ABOUT THIS TASK - Copy the records that follow exactly as written, but not their pictures.

[AVAILABLE DATA — start]

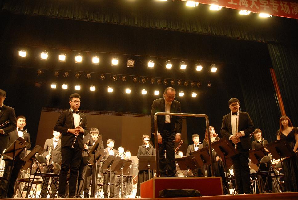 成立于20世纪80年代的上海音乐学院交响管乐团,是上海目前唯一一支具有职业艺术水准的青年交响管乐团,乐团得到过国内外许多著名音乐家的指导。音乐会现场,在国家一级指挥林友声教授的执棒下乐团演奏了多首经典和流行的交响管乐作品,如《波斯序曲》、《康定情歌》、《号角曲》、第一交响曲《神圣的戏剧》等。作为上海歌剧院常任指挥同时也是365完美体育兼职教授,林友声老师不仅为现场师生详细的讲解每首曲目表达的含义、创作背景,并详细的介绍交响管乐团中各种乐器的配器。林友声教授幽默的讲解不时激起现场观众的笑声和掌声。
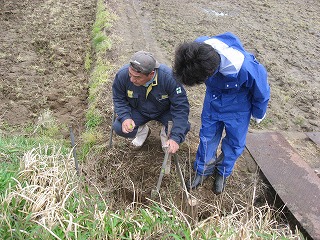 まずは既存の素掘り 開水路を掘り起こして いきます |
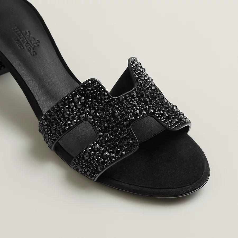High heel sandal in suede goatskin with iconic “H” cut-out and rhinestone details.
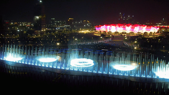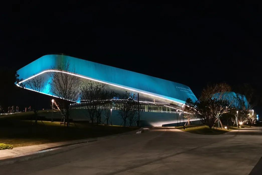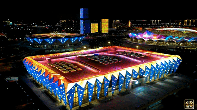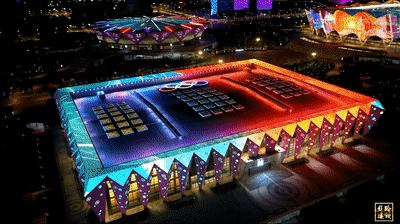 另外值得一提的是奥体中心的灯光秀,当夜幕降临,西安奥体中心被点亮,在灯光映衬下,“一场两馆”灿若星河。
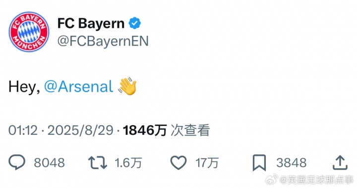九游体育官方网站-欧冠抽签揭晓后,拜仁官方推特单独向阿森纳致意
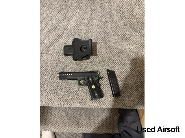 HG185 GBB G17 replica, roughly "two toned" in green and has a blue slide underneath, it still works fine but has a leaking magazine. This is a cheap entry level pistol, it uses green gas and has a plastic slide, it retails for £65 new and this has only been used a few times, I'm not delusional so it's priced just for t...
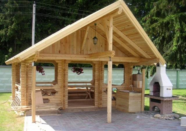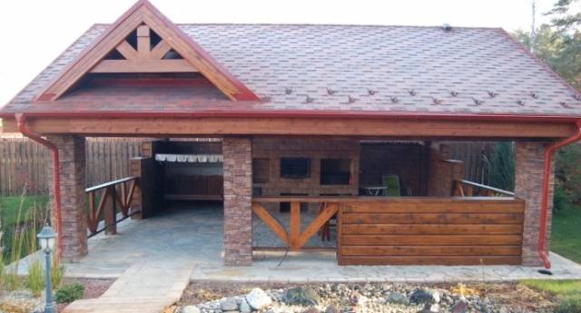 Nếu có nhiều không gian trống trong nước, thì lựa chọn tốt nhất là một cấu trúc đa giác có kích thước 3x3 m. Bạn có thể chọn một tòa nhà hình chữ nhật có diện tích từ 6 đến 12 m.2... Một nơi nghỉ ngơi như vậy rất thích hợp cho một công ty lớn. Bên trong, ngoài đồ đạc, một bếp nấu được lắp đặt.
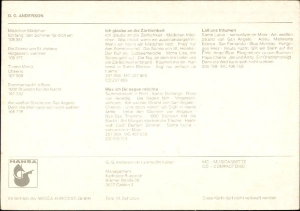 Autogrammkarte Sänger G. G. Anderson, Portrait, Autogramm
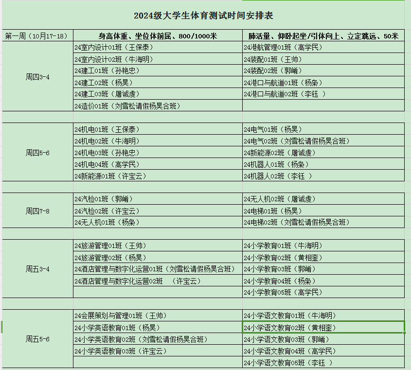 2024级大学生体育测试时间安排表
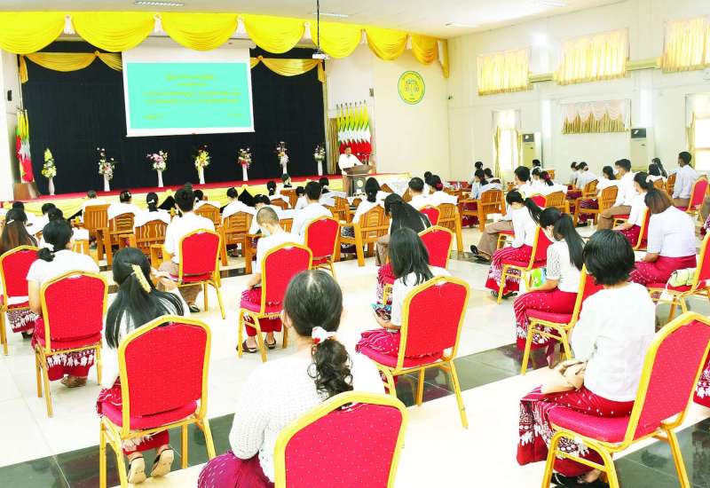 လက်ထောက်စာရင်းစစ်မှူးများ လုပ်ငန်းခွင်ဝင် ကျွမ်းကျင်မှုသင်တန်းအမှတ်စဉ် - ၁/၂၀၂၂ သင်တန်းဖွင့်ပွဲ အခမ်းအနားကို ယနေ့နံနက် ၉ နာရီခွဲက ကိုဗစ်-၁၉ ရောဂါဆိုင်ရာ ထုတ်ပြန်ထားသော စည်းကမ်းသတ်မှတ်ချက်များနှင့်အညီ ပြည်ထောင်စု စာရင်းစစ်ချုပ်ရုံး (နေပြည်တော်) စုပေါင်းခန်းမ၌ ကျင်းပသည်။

[AVAILABLE DATA — finish]

ANSWER TO THIS TASK -
 成立于20世纪80年代的上海音乐学院交响管乐团,是上海目前唯一一支具有职业艺术水准的青年交响管乐团,乐团得到过国内外许多著名音乐家的指导。音乐会现场,在国家一级指挥林友声教授的执棒下乐团演奏了多首经典和流行的交响管乐作品,如《波斯序曲》、《康定情歌》、《号角曲》、第一交响曲《神圣的戏剧》等。作为上海歌剧院常任指挥同时也是365完美体育兼职教授,林友声老师不仅为现场师生详细的讲解每首曲目表达的含义、创作背景,并详细的介绍交响管乐团中各种乐器的配器。林友声教授幽默的讲解不时激起现场观众的笑声和掌声。
 まずは既存の素掘り 開水路を掘り起こして いきます |
High heel sandal in suede goatskin with iconic “H” cut-out and rhinestone details.
 另外值得一提的是奥体中心的灯光秀,当夜幕降临,西安奥体中心被点亮,在灯光映衬下,“一场两馆”灿若星河。
九游体育官方网站-欧冠抽签揭晓后,拜仁官方推特单独向阿森纳致意
 HG185 GBB G17 replica, roughly "two toned" in green and has a blue slide underneath, it still works fine but has a leaking magazine. This is a cheap entry level pistol, it uses green gas and has a plastic slide, it retails for £65 new and this has only been used a few times, I'm not delusional so it's priced just for t...
 Nếu có nhiều không gian trống trong nước, thì lựa chọn tốt nhất là một cấu trúc đa giác có kích thước 3x3 m. Bạn có thể chọn một tòa nhà hình chữ nhật có diện tích từ 6 đến 12 m.2... Một nơi nghỉ ngơi như vậy rất thích hợp cho một công ty lớn. Bên trong, ngoài đồ đạc, một bếp nấu được lắp đặt.
 Autogrammkarte Sänger G. G. Anderson, Portrait, Autogramm
 2024级大学生体育测试时间安排表
 လက်ထောက်စာရင်းစစ်မှူးများ လုပ်ငန်းခွင်ဝင် ကျွမ်းကျင်မှုသင်တန်းအမှတ်စဉ် - ၁/၂၀၂၂ သင်တန်းဖွင့်ပွဲ အခမ်းအနားကို ယနေ့နံနက် ၉ နာရီခွဲက ကိုဗစ်-၁၉ ရောဂါဆိုင်ရာ ထုတ်ပြန်ထားသော စည်းကမ်းသတ်မှတ်ချက်များနှင့်အညီ ပြည်ထောင်စု စာရင်းစစ်ချုပ်ရုံး (နေပြည်တော်) စုပေါင်းခန်းမ၌ ကျင်းပသည်။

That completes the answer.